Currently, South Africa has little trade with Russia but champions a world view – favoured by China and Russia – that seeks to undo perceived U.S.-hegemony in favour of a “multipolar” world in which geopolitical power is more diffuse.
Nevertheless, Foreign Minister Naledi Pandor called for greater economic cooperation between South Africa and Russia at the start of her meeting with Lavrov. “Our countries share growing economic bilateral relations both in terms of trade and investments,” she said. “It is my view that both countries can and must do more to develop and capitalize on opportunities to increase our cooperation in the economic sphere.”
Besides that, as indicated above, however, Lavrov mentioned peaceful space, high technology, smart cities, and nuclear energy as promising areas of collaboration with South Africa. Pretoria expresses readiness to collaborate, but the question is how to build a supply chain and financial services for collaborative projects in the face of Western sanctions imposed on Russia.
The two are members of BRICS, a grouping of major emerging economies, although they remain relatively insignificant markets for each other: Russia ranked as South Africa’s 33rd-largest trading partner in 2021, with two-way flows amounting to just $1.46 billion. In comparison, South Africa’s trade with the United States was $10.2 billion in 2021.
Reports have also pointed to the negative effects of Russia’s opaque transactions with South Africa under the Zuma administration. “There is a split in the South African establishment between the ruling ANC party and the opposition, which is fiercely against Russian-South African collaboration. There are fears that the country’s frenetic anti-Russian media campaign may gradually tip the scales against Moscow. Nonetheless, for the time being, South Africa is interested in broadening its foreign relations, particularly through the BRICS,” a Researcher at the Institute for International Studies at MGIMO, Maya Nikolskaya, told local Russian daily Kommersant.
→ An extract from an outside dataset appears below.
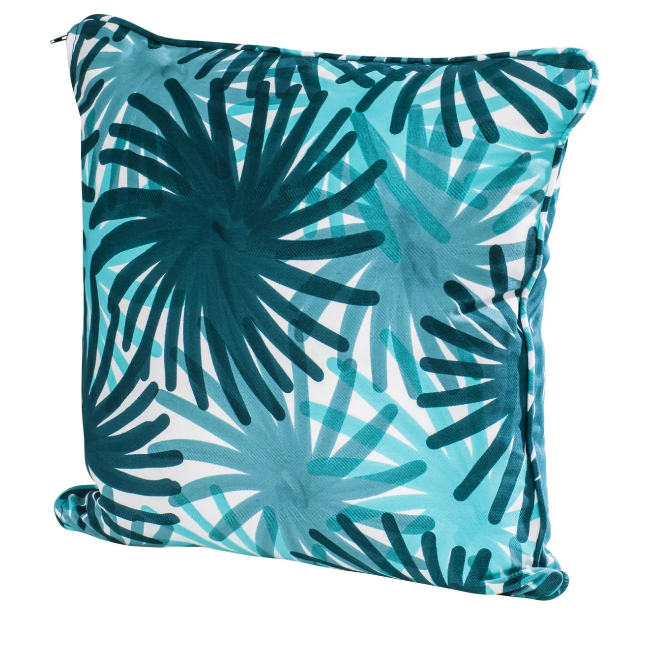 Questo cuscino di grande effetto ha un inserto in piuma d’oca e una fodera in 100% cotone decorata con la tecnica della stampa a pigmenti con un motivo di fuochi d’artificio blu, acqua e turchese.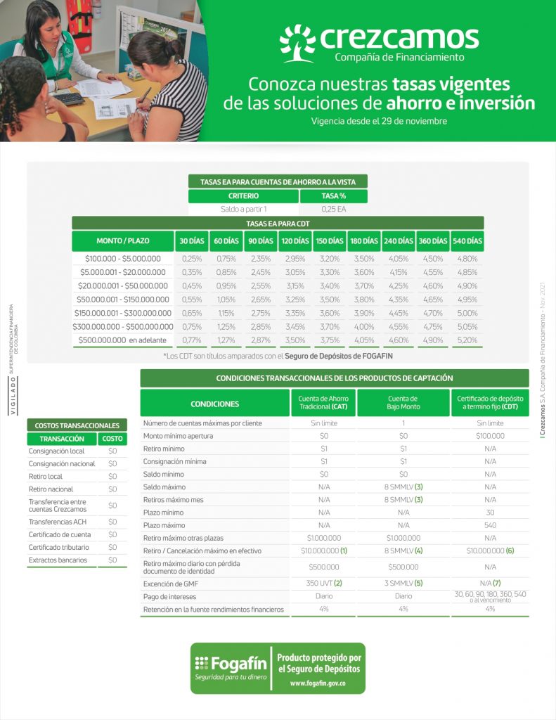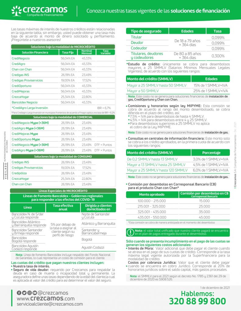 Tasas de crédito Conoce las tasas vigentes de nuestro portafolio de soluciones financieras Descarga aquí las tasas vigentes Tasas de ahorro e inversión Conoce las tasas vigentes de nuestro portafolio de soluciones de ahorro e inversión Descarga aquí las tasas vigentes Linkedin Facebook Youtube Instagram Whatsapp Crédito para remodelación de vivienda Plata "Chan con Chan" Instalación de servicios públicos Crédito para negocio Pagos en línea

Maya Nikolskaya underlined the fact that 2022 was generally not an easy year for Russian-African relations. The majority of African countries found themselves under tremendous pressure from the West. However, Moscow still has great potential in Africa: Russia is a major grain exporter, and in turn, “Moscow is interested in new sales markets, so building alternative value chains is in the interests of both parties,” the expert explained about Russia’s relations with South Africa.
On his second stopover in the Kingdom of Eswatini, Lavrov expressed deep wariness about the Western dominance and situations guided mostly by the orders of the former colonial powers. “We understand the painful feelings of the US and Europe, as the structure of international relations is changing, becoming multipolar, polycentric. We cannot change our Western friends and make them polite, behave democratically,” Lavrov said at a news conference following talks with the Kingdom of Eswatini’s top diplomat, Thulisile Dladla.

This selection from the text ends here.